Emilio Estevez wrote and directed this drama following the lives of 22 people in the Ambassador Hotel the day Robert F. Kennedy was assassinated. Though his name supplies the title to this Altman-esque feature, Bobby Kennedy is not a character. The real politician is however seen in archival footage woven throughout the narrative. The various stories are meant to peek into the various cultural currents that were running through America at the time from the hippie movement to the war in Vietnam. The stronger stories keep the film from lagging under its own ambitions, making it a compelling look into the ways RFK's death altered the course of America and the lives of its people.
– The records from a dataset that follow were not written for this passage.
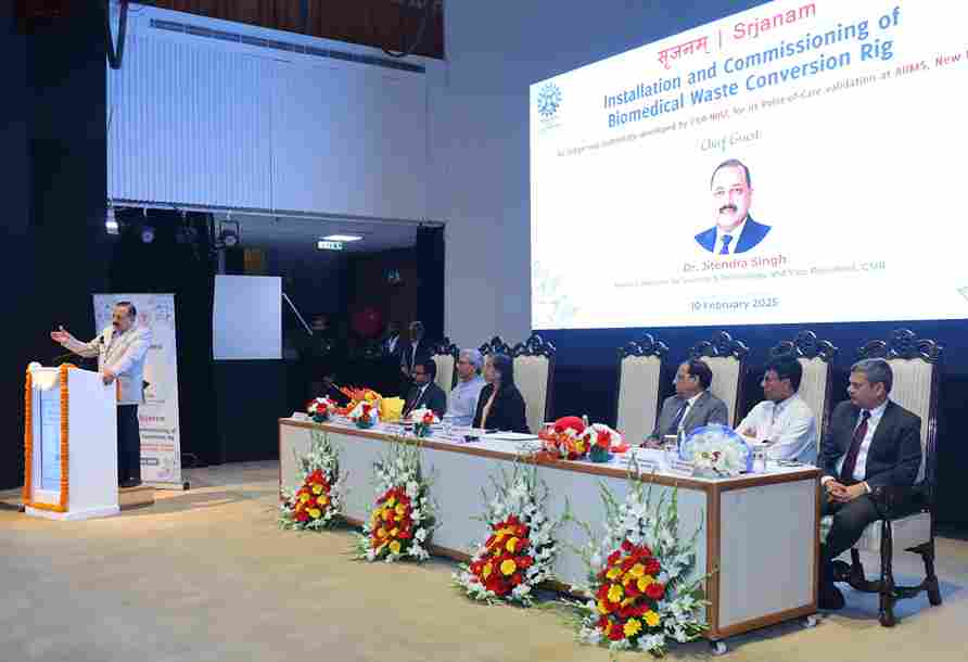 नई दिल्ली,10 फरवरी: केंद्रीय विज्ञान एवं प्रौद्योगिकी मंत्री डॉ. जितेंद्र सिंह ने आज अखिल भारतीय आयुर्विज्ञान संस्थान (एम्स) में एक स्वचालित बायोमेडिकल अपशिष्ट रूपांतरण रिग का शुभारंभ किया, जो रक्त, मूत्र, थूक और प्रयोगशाला के डिस्पोजेबल जैसे रोगजनक बायोमेडिकल कचरे को कीटाणुरहित कर उन्हें मिट्टी में मिलाने वाले पदार्थों में बदल सकता है।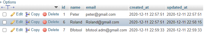 De gebruikerstabel heeft 5 records met dubbele e-mail [email protected]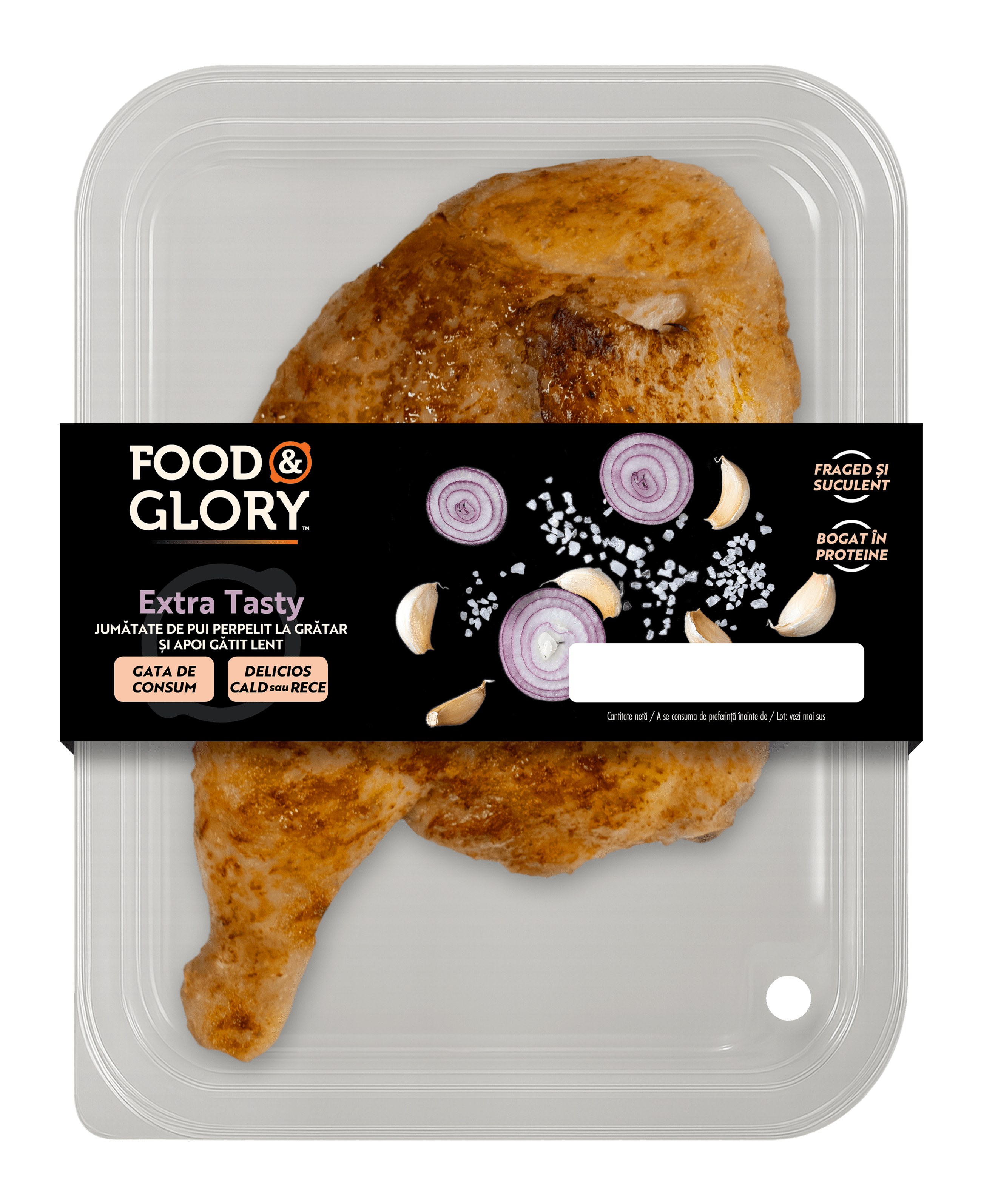 jumătate de pui eviscerat 96%, sare, arome, dextroză, usturoi, ceapă, extract de drojdie.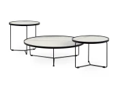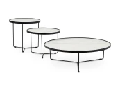Fonot — коллекция журнальных столиков из трех вариаций. Единая визуальная концепция заключается в лаконичности и легкости. За эффектное воплощение отвечает сочетание плавных и строгих линий, а также необычный союз материалов. Спеченный камень белого цвета гармонично контрастирует с изящными черными ножками из металла.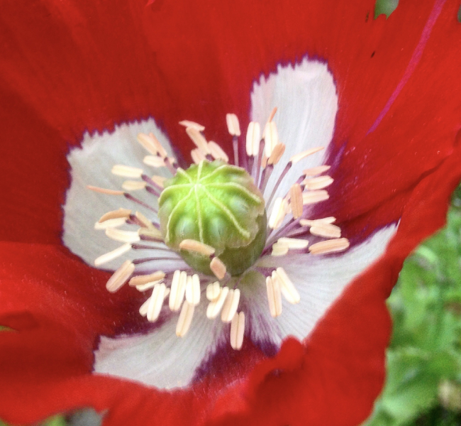 Enkelbloemige winterharde eenjarige papaver. Prachtig rood met wit. Hoogte circa 90 cm. In een zakje zitten circa 400 zaden.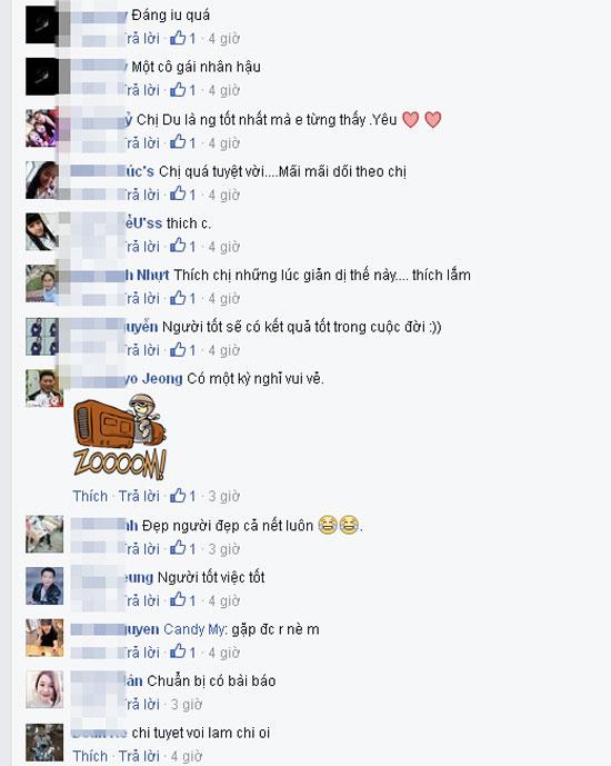 Hành động này của Midu nhận được nhiều lời khen ngợi: "Sống trong đời sống cần có một tấm lòng. Nhìn Du ngồi xuống đất, lau chà nền nhà không phân biệt hèn sang thấy cảm động quá. Không phải chỉ bỏ tiền, mà cả bỏ công sức. Cần lắm những tấm lòng như thế.

One of the film's best stories is kitchen worker Jose, who has tickets to go see Dodgers pitcher Don Drysdale beat the consecutive shut out record. However, racist kitchen manager Timmons (Christian Slater, ROBIN HOOD) has assigned him a double shift without telling him. So Jose gives his tickets to the dignified cook Edward Robinson (Laurence Fishburne, WHAT'S LOVE GOT TO DO WITH IT?), much to the dismay of angry fellow kitchen worker Miguel (Jacob Vargas, 2004's FLIGHT OF THE PHOENIX), who wants to make money on it. Diane (Lindsay Lohan, MEAN GIRLS) plans to marry fellow high school student William (Elijah Wood, LORD OF THE RINGS) in an effort to keep him out of Vietnam. Kennedy campaign workers Cooper (Shia LaBeouf, TRANSFORMERS) and Jimmy (Brian Geraghty, JARHEAD) play hooky from their duties to find drug dealer Fisher (Ashton Kutcher, TV's THAT 70S SHOW), who gives them acid so they can get closer to God. And waitress/wanna-be actress Susan Taylor (Mary Elizabeth Winstead, GRINDHOUSE) knows they're high. Wade (Joshua Jackson, TV's DAWSON'S CREEK) is running RFK's campaign and sets up a meeting with Bobby and dedicated black campaign worker Dwayne (Nick Cannon, DRUMLINE), who is just shy of militant.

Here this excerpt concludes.